• [GIVEN DATA]

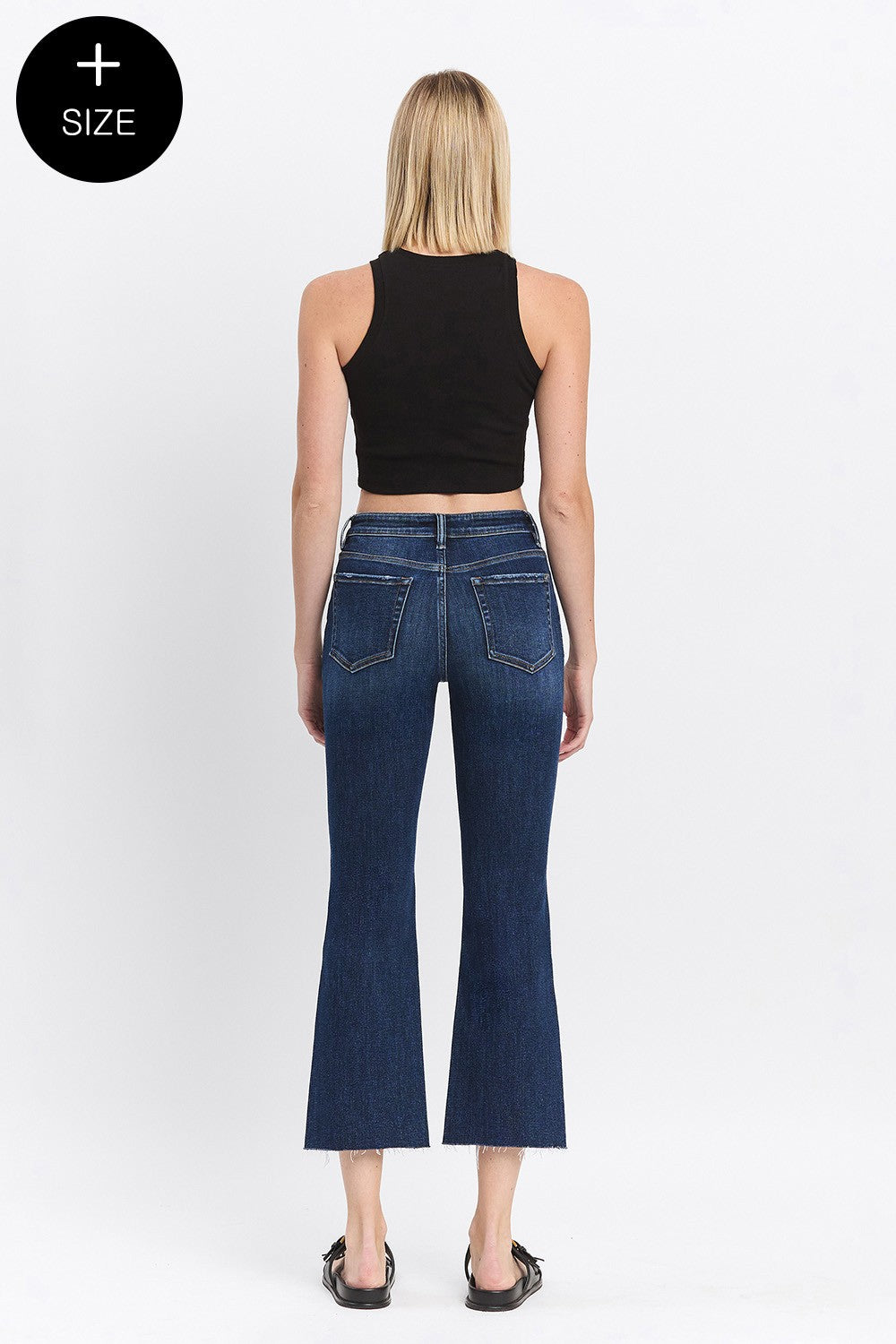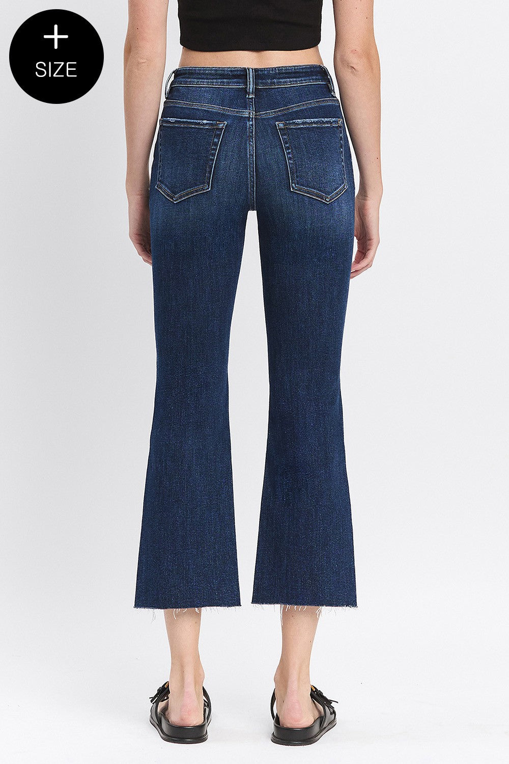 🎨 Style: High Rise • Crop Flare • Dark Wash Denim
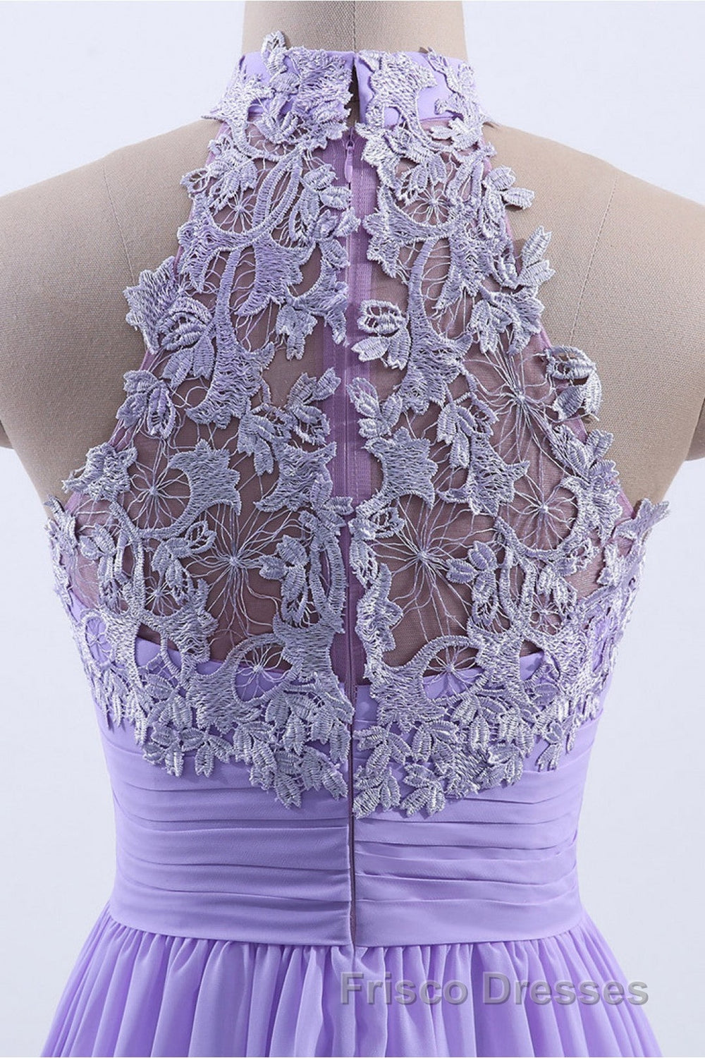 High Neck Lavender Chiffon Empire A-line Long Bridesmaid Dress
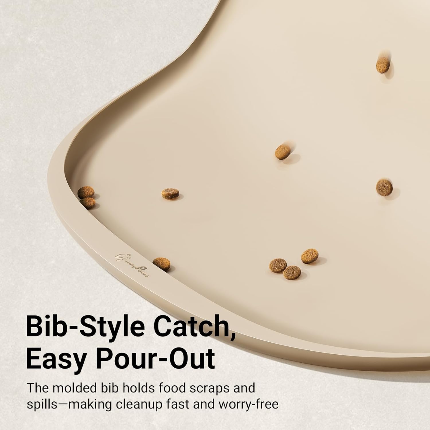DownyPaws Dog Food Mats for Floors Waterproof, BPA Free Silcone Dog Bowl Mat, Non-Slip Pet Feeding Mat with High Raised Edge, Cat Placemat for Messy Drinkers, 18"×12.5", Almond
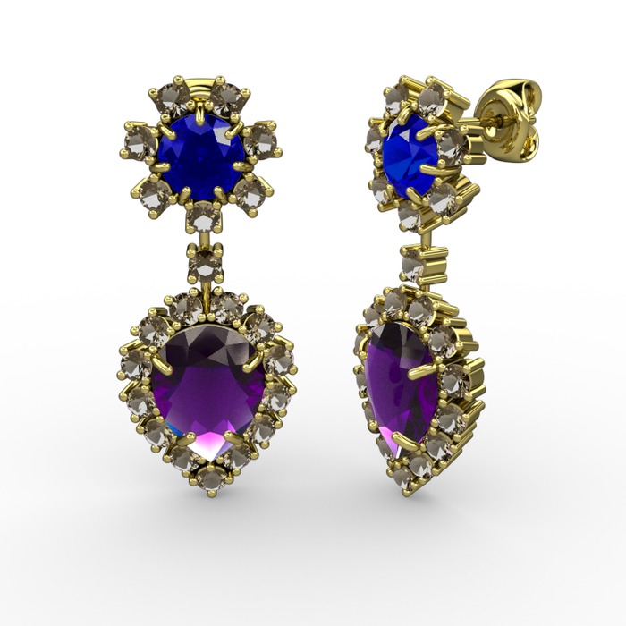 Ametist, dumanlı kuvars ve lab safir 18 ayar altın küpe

• [TASK DIRECTIONS] Please return the whole listing exactly. Do not copy its images.

• [EXPECTED ANSWER]
 🎨 Style: High Rise • Crop Flare • Dark Wash Denim
 High Neck Lavender Chiffon Empire A-line Long Bridesmaid Dress
DownyPaws Dog Food Mats for Floors Waterproof, BPA Free Silcone Dog Bowl Mat, Non-Slip Pet Feeding Mat with High Raised Edge, Cat Placemat for Messy Drinkers, 18"×12.5", Almond
 Ametist, dumanlı kuvars ve lab safir 18 ayar altın küpe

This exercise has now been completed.